The bit line charging method is adapted for a memory string in a flash memory device. The bit line charging method includes: selecting a first word line to be a programmed word line, and selecting a first memory cell coupled to the first word line to be an inhibited cell; during a first time period, turning on a selection switch to coupled a local bit line of the memory string to a global bit line and pulls up voltages on the global bit line and the local bit line to a first voltage by a first power source; and during a second time period, turning off the selection switch, and pulling up a word line voltage on the first word line to pump up the voltage on the local bit line to a second voltage, wherein the first time period is before the second time period.

Based on the above, presented disclosure provides the first power source to pull up the voltages on the local bit line and the global bit line simultaneously.
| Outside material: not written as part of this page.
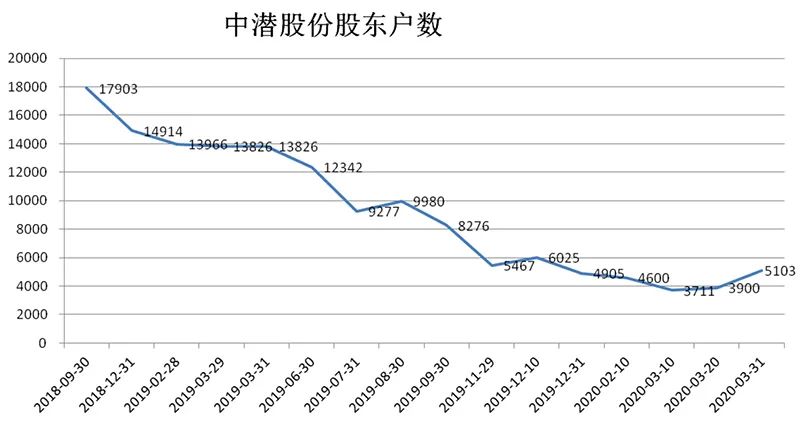 中潜股份2018年三季报股东户数17903户,今年3月10日公司公布的数据最低到3711户,不到一年半间缩水79%。

Then, during a programming time period, a connection between the local bit line and the global bit line is turned-off and the voltage on the local bit line can be pumped up to a higher voltage to inhibit the corresponding memory cell. That is, the flash memory device in presented disclosure needs not provide an extra power source to generate the higher voltage. A circuit size of the flash memory device can be reduced, and an efficiency of the flash memory device can be enhanced.

In order to make the aforementioned and other objectives and advantages of the present invention comprehensible, embodiments accompanied with figures are described in detail below.

BRIEF DESCRIPTION OF THE DRAWINGS

FIG. 1 is a circuit diagram of a flash memory device according to an embodiment of present disclosure.

FIG. 2 is a waveform plot of the flash memory device according to an embodiment of present disclosure.

FIG. 3 illustrates a waveform plot of the flash memory device according to another embodiment of present disclosure.

FIG. 4A illustrates a schematic diagram of a hardware structure of a flash memory device according to an embodiment of present disclosure.

FIG. 4B illustrates an equivalent circuit plot of a flash memory device according to an embodiment of present disclosure.

FIG. 5 illustrates a flow chart for a bit line charging method according to an embodiment of present disclosure.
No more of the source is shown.